Metabolic Flexibility
The body's ability to switch smoothly between glucose and fat/ketones as fuel without crashing or experiencing urgent hunger. Developed through structured eating rhythms and whole-food nutrition.
Microbiome
The ecosystem of trillions of bacteria in the large intestine — responding to both food quality and meal timing. Fasting windows allow the Migrating Motor Complex to run; fibre feeds the bacteria. Both matter.
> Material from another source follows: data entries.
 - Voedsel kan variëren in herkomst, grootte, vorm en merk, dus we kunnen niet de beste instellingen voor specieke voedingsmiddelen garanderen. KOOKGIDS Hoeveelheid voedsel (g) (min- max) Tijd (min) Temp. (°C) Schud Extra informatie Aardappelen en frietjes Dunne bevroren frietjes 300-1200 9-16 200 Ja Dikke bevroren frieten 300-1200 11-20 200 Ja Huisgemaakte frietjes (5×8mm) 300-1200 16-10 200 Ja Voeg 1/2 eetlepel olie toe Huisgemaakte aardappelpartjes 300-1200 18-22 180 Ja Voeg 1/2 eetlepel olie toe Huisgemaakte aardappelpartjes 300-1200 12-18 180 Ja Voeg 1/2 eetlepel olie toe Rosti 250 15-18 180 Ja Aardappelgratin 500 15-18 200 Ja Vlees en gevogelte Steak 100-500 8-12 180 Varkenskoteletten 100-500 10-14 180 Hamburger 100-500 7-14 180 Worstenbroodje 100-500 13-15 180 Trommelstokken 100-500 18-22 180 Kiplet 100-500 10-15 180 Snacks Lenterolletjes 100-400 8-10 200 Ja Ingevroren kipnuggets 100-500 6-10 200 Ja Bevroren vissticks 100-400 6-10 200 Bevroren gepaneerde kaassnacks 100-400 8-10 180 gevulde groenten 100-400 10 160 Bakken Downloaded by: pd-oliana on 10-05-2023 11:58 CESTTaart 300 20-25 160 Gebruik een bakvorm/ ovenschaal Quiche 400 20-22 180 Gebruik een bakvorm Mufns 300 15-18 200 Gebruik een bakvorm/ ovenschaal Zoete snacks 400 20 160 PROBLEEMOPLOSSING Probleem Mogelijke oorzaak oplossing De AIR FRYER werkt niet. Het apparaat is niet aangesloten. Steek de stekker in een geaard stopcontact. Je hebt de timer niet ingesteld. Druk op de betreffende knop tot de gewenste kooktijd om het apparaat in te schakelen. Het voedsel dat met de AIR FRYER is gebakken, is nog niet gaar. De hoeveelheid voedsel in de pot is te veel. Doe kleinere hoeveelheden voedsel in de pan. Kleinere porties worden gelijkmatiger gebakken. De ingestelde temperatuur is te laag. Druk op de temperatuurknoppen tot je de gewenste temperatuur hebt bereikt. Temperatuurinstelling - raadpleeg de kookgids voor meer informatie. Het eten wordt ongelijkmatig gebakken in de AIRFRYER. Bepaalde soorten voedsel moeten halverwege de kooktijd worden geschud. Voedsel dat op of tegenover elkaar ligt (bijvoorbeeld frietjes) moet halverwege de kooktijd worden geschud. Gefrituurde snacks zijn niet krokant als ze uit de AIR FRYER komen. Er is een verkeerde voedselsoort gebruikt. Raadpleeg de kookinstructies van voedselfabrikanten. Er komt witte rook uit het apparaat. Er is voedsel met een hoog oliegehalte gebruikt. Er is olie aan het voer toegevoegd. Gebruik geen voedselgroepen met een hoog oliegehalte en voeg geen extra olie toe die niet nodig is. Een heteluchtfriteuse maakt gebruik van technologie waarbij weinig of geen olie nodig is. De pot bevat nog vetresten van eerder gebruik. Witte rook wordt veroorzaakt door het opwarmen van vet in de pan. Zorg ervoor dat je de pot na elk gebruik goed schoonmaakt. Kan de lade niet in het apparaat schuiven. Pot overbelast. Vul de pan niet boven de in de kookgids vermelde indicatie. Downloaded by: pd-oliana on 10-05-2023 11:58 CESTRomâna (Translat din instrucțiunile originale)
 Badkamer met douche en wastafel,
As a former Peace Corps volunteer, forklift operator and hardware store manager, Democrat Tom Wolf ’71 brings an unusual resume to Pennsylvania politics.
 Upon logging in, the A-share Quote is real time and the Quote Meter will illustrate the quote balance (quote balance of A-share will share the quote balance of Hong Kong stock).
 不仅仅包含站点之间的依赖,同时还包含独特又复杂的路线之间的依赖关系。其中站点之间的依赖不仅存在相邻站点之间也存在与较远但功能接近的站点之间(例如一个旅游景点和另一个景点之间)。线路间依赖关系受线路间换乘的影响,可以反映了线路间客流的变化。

Migrating Motor Complex (MMC)
A sweeping wave of muscular contractions moving through the stomach and small intestine between meals — clearing food residue, relocating bacteria, and preventing stagnation. Only activates when eating stops; even small snacks interrupt and reset the cycle.
Mitochondria
The energy-producing organelles inside cells — converting glucose and fatty acids into ATP. A primary target of cellular maintenance (autophagy); older, less-efficient mitochondria are recycled and replaced during fasting windows.
Nutrient Density
The concentration of essential nutrients (protein, vitamins, minerals, fibre) relative to calories. Nutrient-dense foods — legumes, leafy greens, eggs, berries — provide the raw materials for repair; ultra-processed foods provide calories without materials.
Overnight Fast
A fasting window spanning the sleeping hours — typically 12–16 hours from the last evening meal to the first morning meal. The most practical and sustainable fasting approach; already built into healthy human sleep rhythms.
Rebound Hunger
Strong, urgent hunger following aggressive restriction — driven by under-protein meals, breaking fasts with sugar, or fasting windows that exceed the body's current adaptation level. Resolved by shortening the fast and fixing first-meal structure.
Refeeding
The process of breaking a fast. The first meal after a fast strongly influences blood sugar stability, gut comfort, and the next several hours of energy. Best practice: protein + fibre + minerals first.
Repletion
Restoring nutrient reserves — protein, minerals, vitamins — before introducing fasting restriction. The Nutriofia principle: nourish first, then create space. Fasting on a depleted system amplifies symptoms.
Stabilisation Phase
A period of focusing on nutrition, sleep, and meal structure before extending fasting windows. Not a setback — intelligent calibration that makes subsequent fasting more effective and comfortable.
Sulfonylureas
A class of oral diabetes medication that stimulates insulin secretion regardless of blood glucose — particularly dangerous during fasting. Require clinician-supervised dose adjustment before any fasting protocol begins.
Thyroid
The gland that regulates metabolic speed. Sensitive to prolonged calorie restriction — severe under-eating can slow thyroid output as a survival response, causing fatigue, cold intolerance, and low mood.
Time-Restricted Eating (TRE)
A daily eating pattern where food is consumed within a consistent window (8, 10, or 12 hours). The most practical and evidence-supported form of intermittent fasting — achievable simply by shifting dinner earlier or breakfast later.